Un día o una noche, no sé, no me acuerdo, Ema vino a buscarme desesperada. "Prestemeló", decía, "préstemelo". Y mi mamá me prestó, con un movimiento de cabeza, sin palabras, como esos que se usan ante lo irreparable. ¿Qué pasaba? ¿Qué pasaba, Ema, qué pasaba? Con su melena larga y gris, sus murmuraciones ininteligibles, en la misma cama de la que solía escaparse en bastón, impulsándose en sus propios improperios, doña Justa, toda chiquita, toda quieta, toda adusta, se estaba muriendo. Ema me pidiò que me acercara a la cama y le diera un beso. Obedecí, porque me subyugaba el perfume de aquellas sábanas y la sencilla ceremonia de despedida. Doña Justa se murió casi enseguida y yo, sin ninguna culpa, pensé que, con mi beso en la mejilla, la había hecho pasar a mejor vida. O sea que, esa fue la primera vez que escuché nombrar a la muerte. Y a mi lado estaba Ema, mi amiga, la pichicatera, el hada del teléfono negro.
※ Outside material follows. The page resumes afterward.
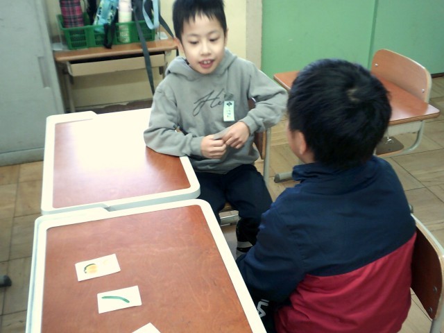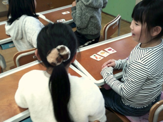 2年生の英語活動ではペアになって野菜をあげたりもらったりする練習をしました。何ていうのと困っている子にはやさしく教える姿が見られました。

Cuando todos pronosticaban una hecatombe, (“porque esa mujer se va a echar al abandono sin la madre”, decían los inquilinos), Ema empezó a recibir una visita que no me causaba ninguna gracia. De sombrero aludo con cinta negra, enfundado en un traje con corbata, de tarde en tarde, en el largo pasillo del inquilinato, aparecía don Alejandro. Me dedicaba una sonrisa, me guiñaba un ojo. Yo permanecía inmóvil, huraño, con la respiración cortada, como cuando jugaba con el teléfono. “No puede ser, no puede ser”, gritaban los fantasmas del conventillo. Pero era. Fue. Ahora pienso que el hombre no había aparecido en la vida de Ema de la noche a la mañana y que doña Justa se interponía con todas sus fuerzas a esa amistad de su hija.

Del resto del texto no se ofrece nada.